Por Marta Burguet Arfelis
Doctora en pedagogía
Barcelona, septiembre 2013
Foto: patatabrava.com
A menudo, al explicar en el aula la experiencia del pedagogo de Summerhill, Nelly, termino la clase con la pregunta: «¿Qué harías si te dijeran que hoy es el último día de tu vida?». Cuando planteo esta pregunta, planea aquel deseado y tan poco frecuente silencio entre los cerca de setenta estudiantes que quieren formarse como maestros.

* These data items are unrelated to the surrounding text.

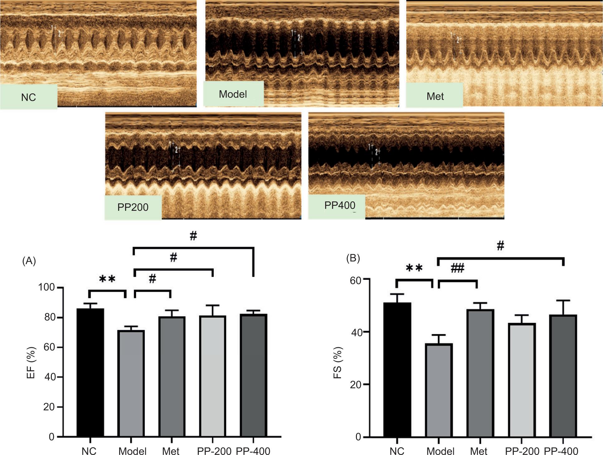 Echocardiography was performed to determine the heart function of rat in each group of rats, with EF and FS serving as primary indices. EF and FS values of the model group were considerably lower than those of the NC group (p < 0.01); however, FS and left ventricular ejection fraction (LVEF) values were reversed in both PP-400 and Met groups (p < 0.05 and < 0.01, respectively; Figure 2). The results suggested that PP had a certain ameliorative effect on diabetic cardiac function injury.
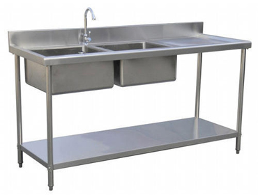 We are manufacturing and supplying the widest & most comprehensive range of Stainless Steel Two Sink Unit with Work Table & Shelve for Washing Counter Equipment
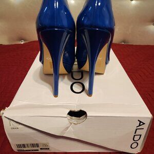 Women's Sz 6.5 Patent Blue 5" Platform Heels. Brand: Aldo. Style: Crixia. Brand new, never worn, in original box with original packaging. This shoe has a 1" platform so you can tower over the competition. Also, the size shows a 37 which is European measurements, but the US equivalent is a 6.5.
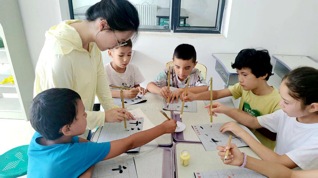 手把手教小学生书写规范字,一字一句教村民学习普通话发音,组织开展经典诗文诵读……这个暑假,安博网页版中国语言文学与艺术学院的175名大学生深入新疆维吾尔自治区巴音郭楞蒙古自治州轮台县56个乡村,通过“红领巾小课堂”、农牧民夜校等推广普及国家通用语言文字,发挥自身专业才能,助力乡村振兴,在基层绽放青春光彩。
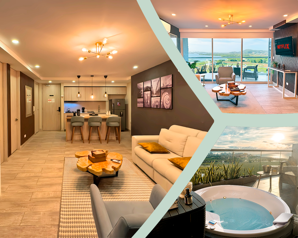 Hermoso apartamento de 1 habitación, 2 baños y jacuzzi privado en el balcón, ideal para parejas y pequeñas familias que buscan disfrutar Cartagena con las mejores vistas hacia el Mar, la Ciénaga de la Virgen y el Viaducto. El apartamento está ubicado en Zona Norte, a pocos metros de Playa Azul, a sólo 5 minutos del Aeropuerto, 10 minutos de la ciudad amurallada y 1 hora de las islas. El Edificio cuenta con 2 piscinas, 2 jacuzzi, gimnasio, terraza mirador, BBQ y parqueaderos.
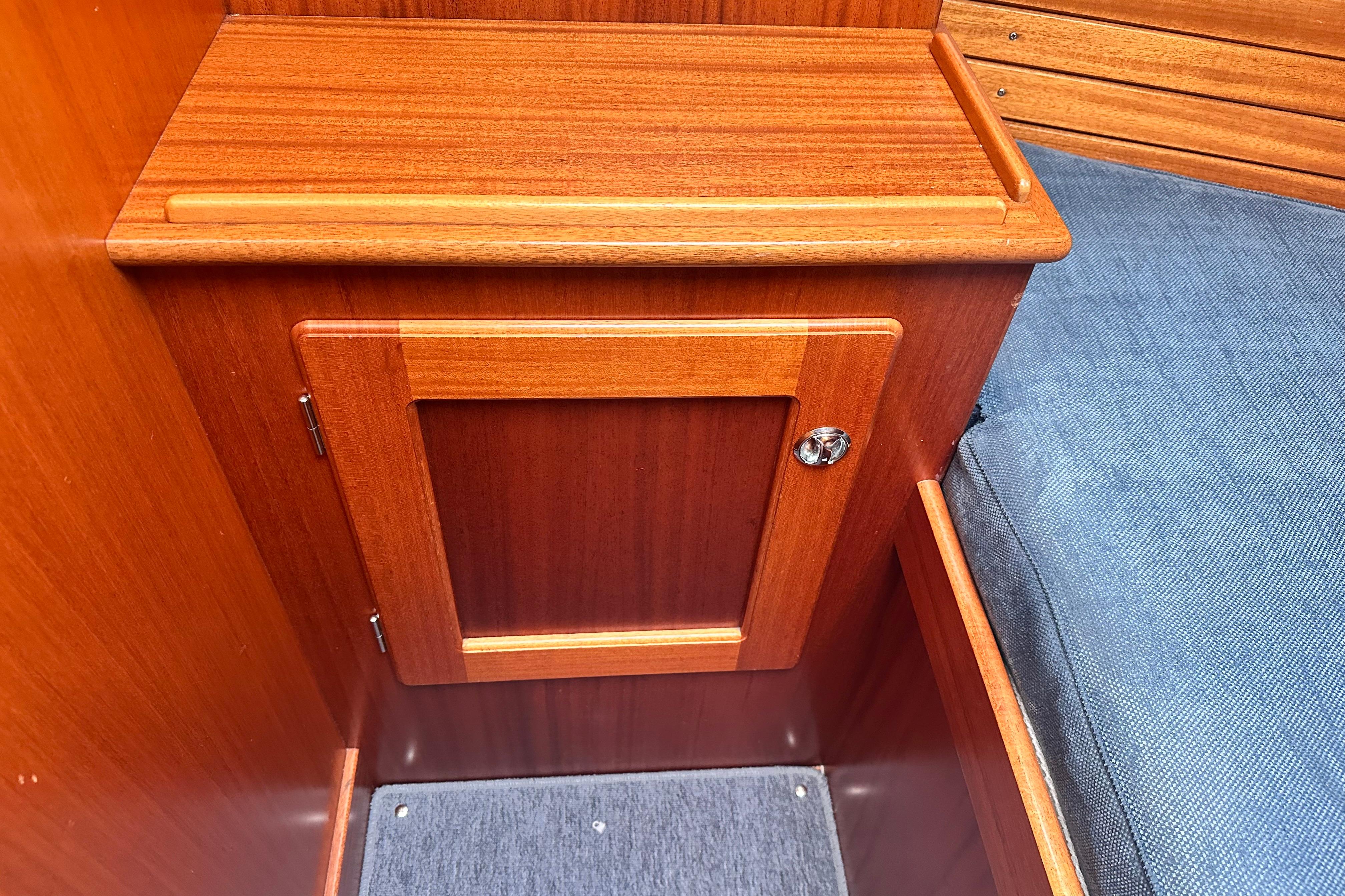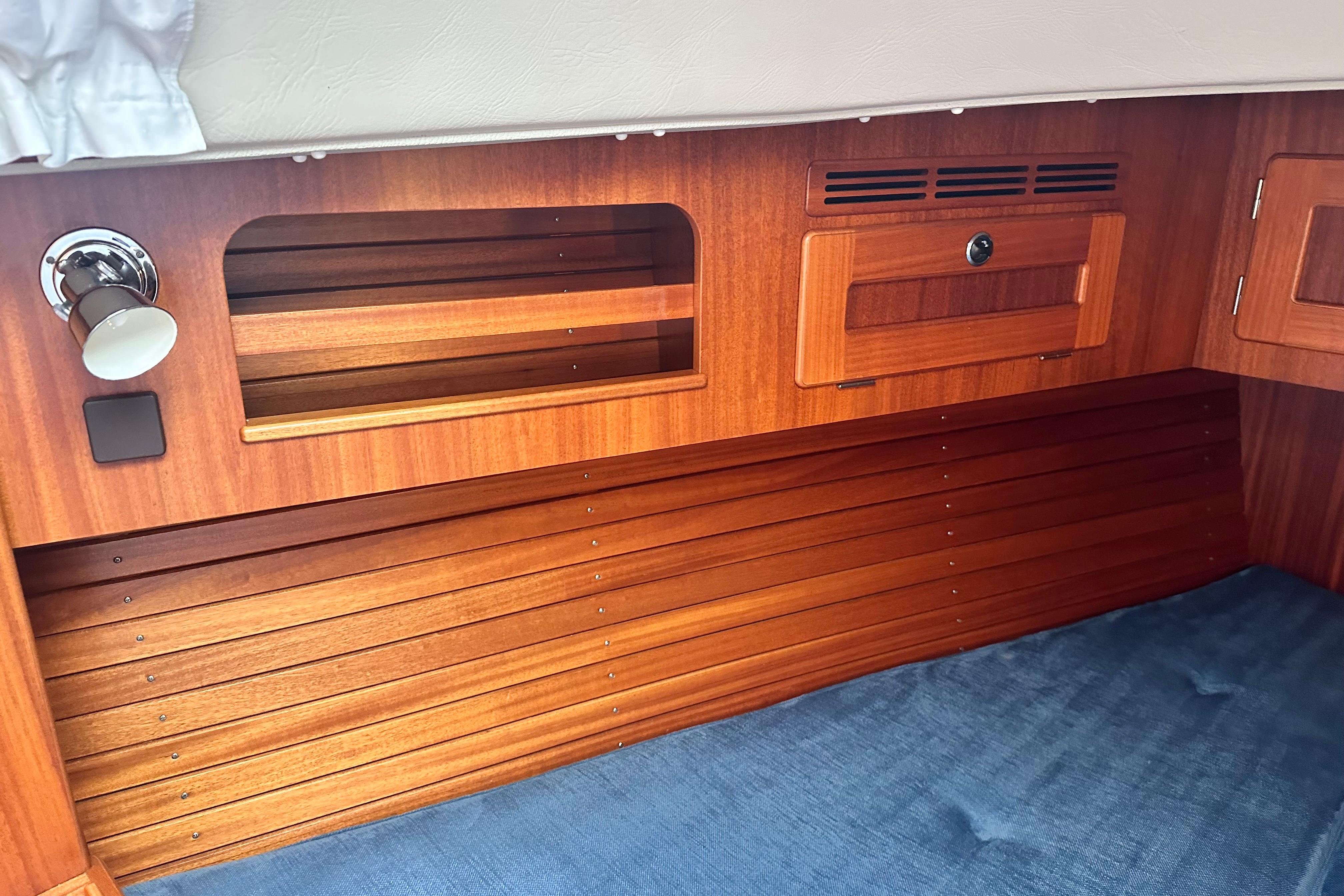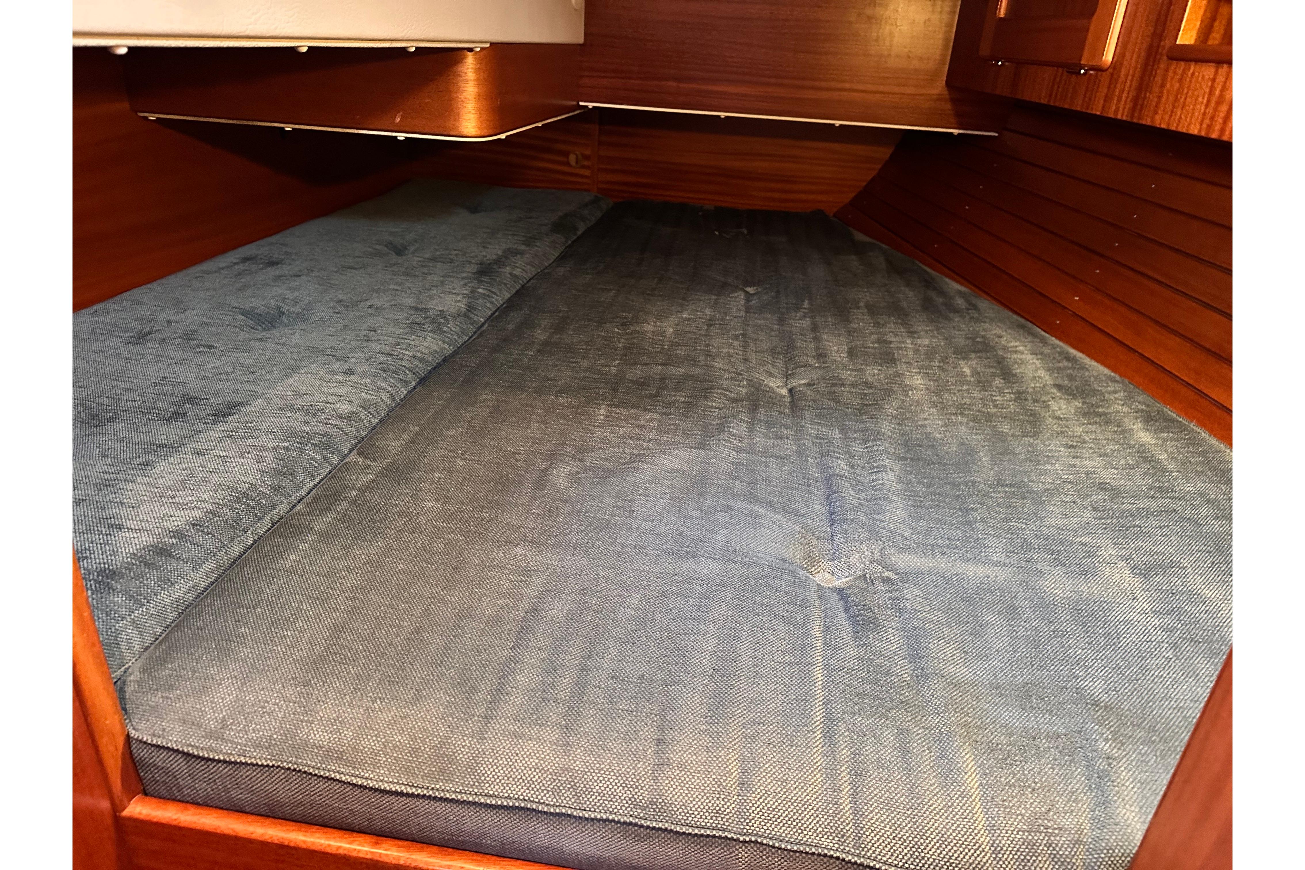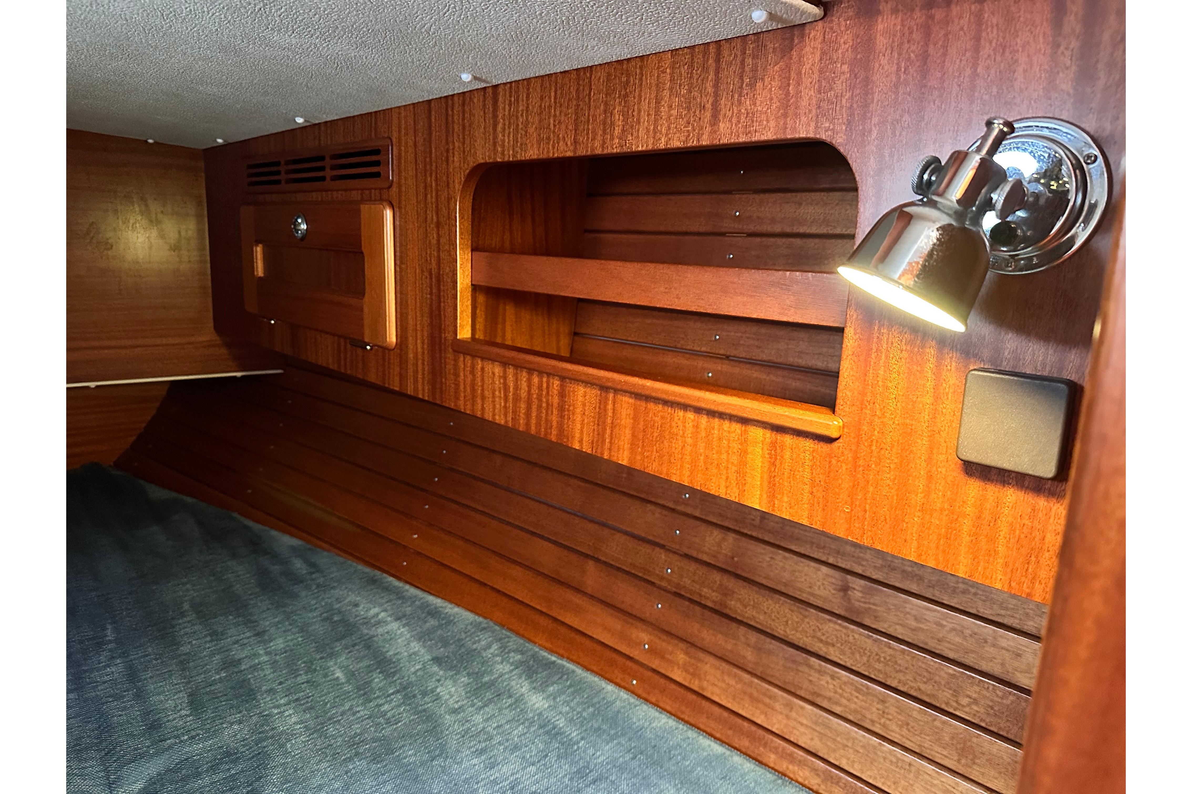 2.16m long berth, 1.76m wide at widest part. The foot end is 1.11m wide. Spacious hanging locker. Coat hook beside door. Lockers above berth and stowage below. Door leading to saloon with vanity mirror. Two opening portlights for light and ventilation, one of which opens into cockpit.
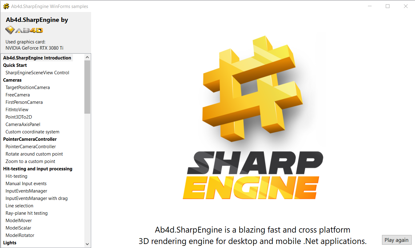Ab4d.SharpEngine 是一款适用于桌面、移动和浏览器应用的通用3D渲染引擎。专业级的3D图形要求3D对象呈现高度细节,线条极其平滑,文字清晰锐利。
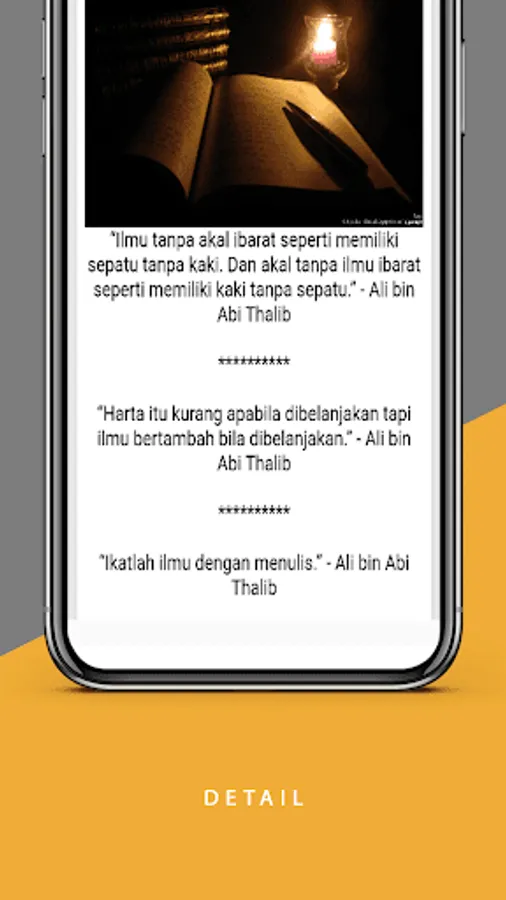 Ali, since childhood, has been known to be smart and brave. He received direct instruction from the Prophet, because they lived together under one roof. Because of his broad insight, he earned the nickname "Babul Ilmu" which means "gate of knowledge". Besides passing on his good qualities, he also gave wise words full of advice for all of us.

En esta asignatura les presentamos los pedagogos del último siglo XXI, invitando a conocer los estilos pedagógicos que impulsaron y que a menudo fueron innovadores en su contexto histórico. Si unos priorizan educar a través del juego, otros apuestan por el desarrollo de la creatividad infantil, y Neill hace una clara opción –bastante comprometida– de educar en plena libertad y autonomía a las palabras. Tanto es así que en su entorno de Summerhill ningún niño/a no está obligado a asistir a clase, todos tienen el mismo derecho y deber de participar en las decisiones escolares con el peso de su voto, idéntico al de cualquier profesor y del mismo director del centro. Neill explica que lo hace para educar personas felices, que esto se convierte en el último objetivo de su proyecto educativo, convencido como está que quien es feliz aprende aquello que desea con entusiasmo y de manera natural, sin forzar ningún proceso.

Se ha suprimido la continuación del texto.